Smoke wafting up from the tip of her cigarette, still orange, veils her face and the guarded expression beginning to waver around her mouth where her lips thin out and press into a flat line in an attempt to mask the feelings Logan has aroused. "Who?"
When she takes the bait, additional hooks sink in, ones that pry at her biological chemical system and release a small flood of serotonin, an inevitable mood lift. Warmth like alcohol and just as detached, if far more insidious. Logan's own cigarette goes ignored and allowed to smolder as it may, his other arm lying out across the back of the couch. Fingers dig in, get a grip, enough that when he does breathe out the word, he's close enough to let it curl tangibly against her ear; "Sylar."
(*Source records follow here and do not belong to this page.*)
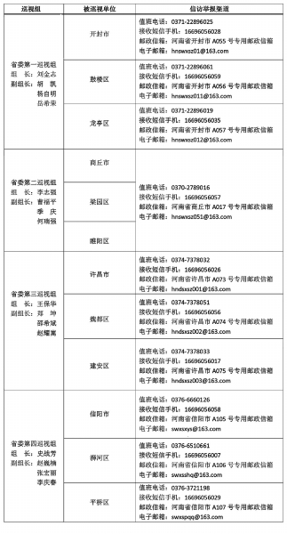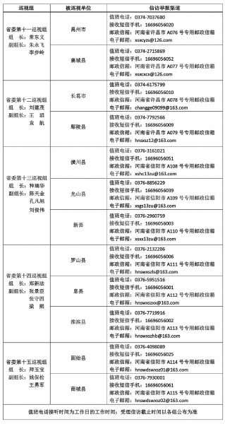 据悉,本轮巡视时间两个月左右,巡视期间设置专门值班电话和专用邮政信箱等,主要受理反映被巡视地区党委领导班子及其成员、下一级党委领导班子主要负责人和重要岗位领导干部问题的来信来电来访。巡视期间,省委巡视组将严格落实中央八项规定及其实施细则精神和省委相关规定,主动接受被巡视地区和社会各界的监督,省纪委监督举报电话12388,省委组织部监督举报电话12380。
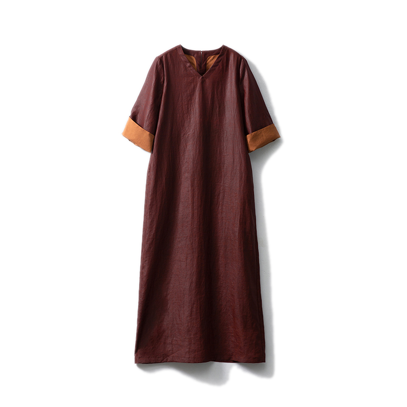 丝艺 红云龟油皮老料100%桑蚕丝真丝连衣裙香云纱V领直筒长裙早秋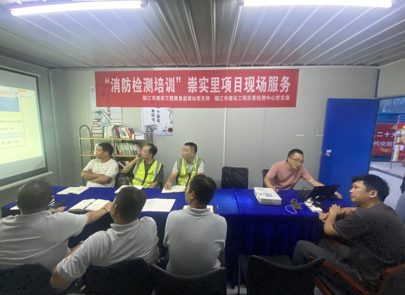 2023年8月29日晚,在崇实里项目“先锋公社”,镇江市建设工程质量监督站党支部和镇江市建设工程质量检测中心党支部联合开展了“消防检测培训”现场服务活动。

A low chuckle follows, as if it were a joke. "You moaned it, at least once that I remember," he says, which— might not exactly be confirmation that he isn't joking, voice wry. "I didn't ask. I didn't want to know."
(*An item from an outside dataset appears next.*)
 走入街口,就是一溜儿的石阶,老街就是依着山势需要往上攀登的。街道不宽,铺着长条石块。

The smoothness of his hands and his mouth's subtle firmness, the feel of his bare back under her palms and the noises he sometimes makes when she bites just a little too hard — Eileen remembers a lot of things about Logan, but the specifics of his ability aren't among them. The heat coursing through her veins does not go unnoticed, but she fails to attribute it to its source, chalking it up to relief. She's not sure she could have handled more complications at this stage.
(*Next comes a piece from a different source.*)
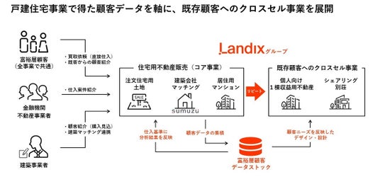 ランディックスグループは、富裕層顧客を対象に不動産領域のワンストップサービスを展開しています。主力事業は戸建住宅の販売であり、全成約の30%程度が紹介・リピート取引によって構成されています。注文住宅希望者への建築会社マッチング(sumuzu Matching)や、リピート取引となるお客様に向けた1棟収益用不動産の販売など、時代と共に変化するお客様のニーズに応え、「パーソナライズ」をキーワードに事業展開を行っています。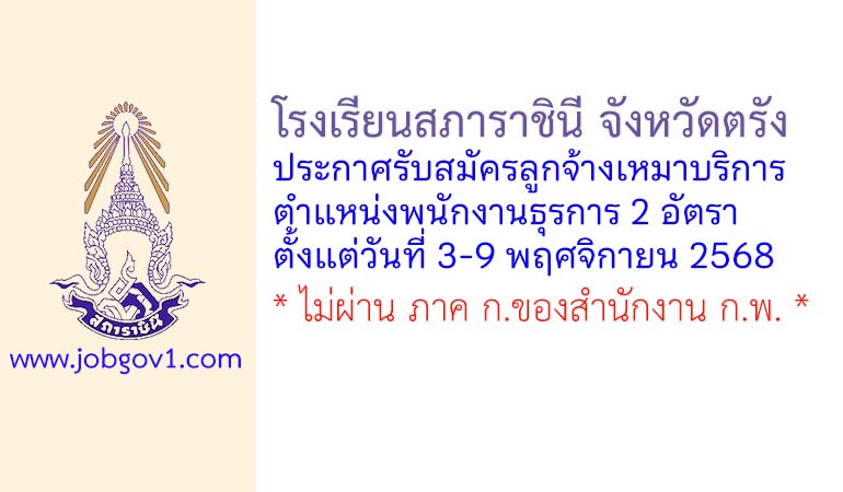 โรงเรียนสภาราชินี จังหวัดตรัง รับสมัครลูกจ้างเหมาบริการ ตำแหน่งพนักงานธุรการ 2 อัตรา ตั้งแต่วันที่ 3-9 พฤศจิกายน 2568

"Sylar," she repeats, glancing sideways at Logan, her focus on his mouth and not his eyes. "Thank you for being kind enough not to tease me about it. I might have tried for three."
The last time he'd let her walk away from him, he'd hope Feng would take care of her. This time, Logan isn't sure what he expects. Relaxing back into his corner of the couch, he shrugs, and allows that wash of serotonin to continue. The concept of numbing euphoria is a tool he toys with but never applies, and even after a moment, he pulls his insidious touch back entirely to let it fade as it will, like blood rushing back into stressed skin.
"It's an interesting story, really. You and me. You should come back if you ever want to hear the details." Smoke curls around a cattish smile, pulls into his mouth in rhythm with a dry sounding chuckle.
Feng may still. If Logan is capable of cornering Eileen in a room, alone and unarmed, it is perhaps not much of a stretch to assume that her old allies could too, were they so inclined and aware of her vulnerabilities. She rises from the couch, apparently satisfied with the answers she's been provided, and reaches up with one lily-pale hand to adjust the collar of her coat before sinking it back into her pocket to retrieve her leather gloves.
"I may," she concedes, her demeanor gradually settling back into its earlier sullenness. "I appreciate you being candid with me, John."
His eyes narrow in a feigned smile, and he doesn't get up to show her out. The door is right there. "Logan," he blithely corrects, chin angling up as he steers his gaze towards her face. As if marveling at it and her polite demeanor. What a wonder. "Don't be a stranger, Ruskin."